▶ _WORK TO COMPLETE_: Below are some records. Retype exactly the lines from the one containing "2014年10月14日,深兩" through the one containing "Researchers used a", both included, skipping every picture.
*** DATA TO PROCESS ***
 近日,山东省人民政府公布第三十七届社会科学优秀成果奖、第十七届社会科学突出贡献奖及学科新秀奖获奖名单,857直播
*** End of DATA TO PROCESS ***
*** DATA TO PROCESS ***
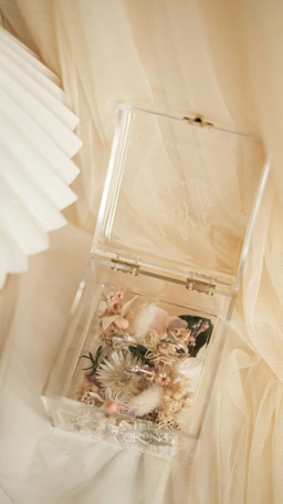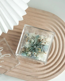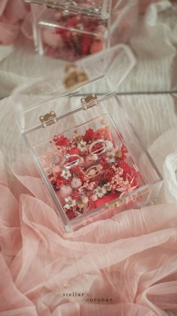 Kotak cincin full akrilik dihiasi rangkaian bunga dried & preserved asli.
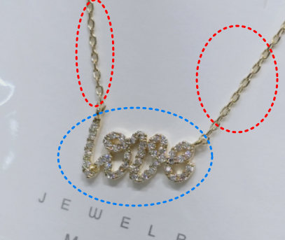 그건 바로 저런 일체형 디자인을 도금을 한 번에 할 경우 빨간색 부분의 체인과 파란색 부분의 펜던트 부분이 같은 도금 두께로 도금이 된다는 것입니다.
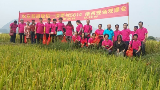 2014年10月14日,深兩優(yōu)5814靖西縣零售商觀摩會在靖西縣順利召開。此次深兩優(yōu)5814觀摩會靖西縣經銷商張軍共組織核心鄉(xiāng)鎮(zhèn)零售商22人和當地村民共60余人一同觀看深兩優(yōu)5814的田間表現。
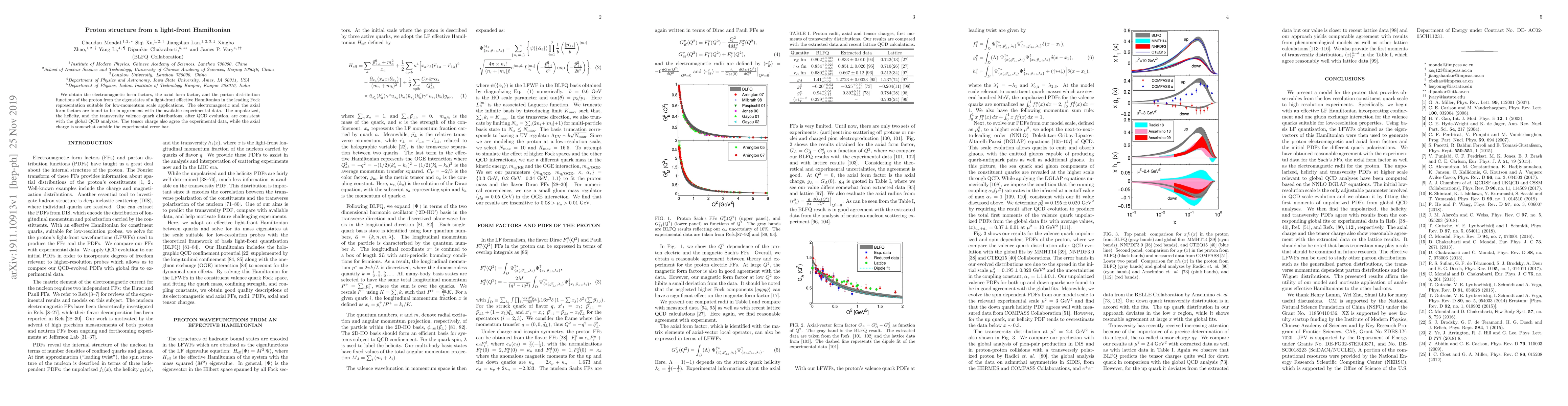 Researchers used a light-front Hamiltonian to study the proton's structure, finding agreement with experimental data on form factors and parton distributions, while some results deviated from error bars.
*** End of DATA TO PROCESS ***
*** DATA TO PROCESS ***
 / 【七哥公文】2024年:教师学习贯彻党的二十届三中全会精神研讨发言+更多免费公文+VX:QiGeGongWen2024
*** End of DATA TO PROCESS ***
▶ _REPLY_:
 2014年10月14日,深兩優(yōu)5814靖西縣零售商觀摩會在靖西縣順利召開。此次深兩優(yōu)5814觀摩會靖西縣經銷商張軍共組織核心鄉(xiāng)鎮(zhèn)零售商22人和當地村民共60余人一同觀看深兩優(yōu)5814的田間表現。
 Researchers used a light-front Hamiltonian to study the proton's structure, finding agreement with experimental data on form factors and parton distributions, while some results deviated from error bars.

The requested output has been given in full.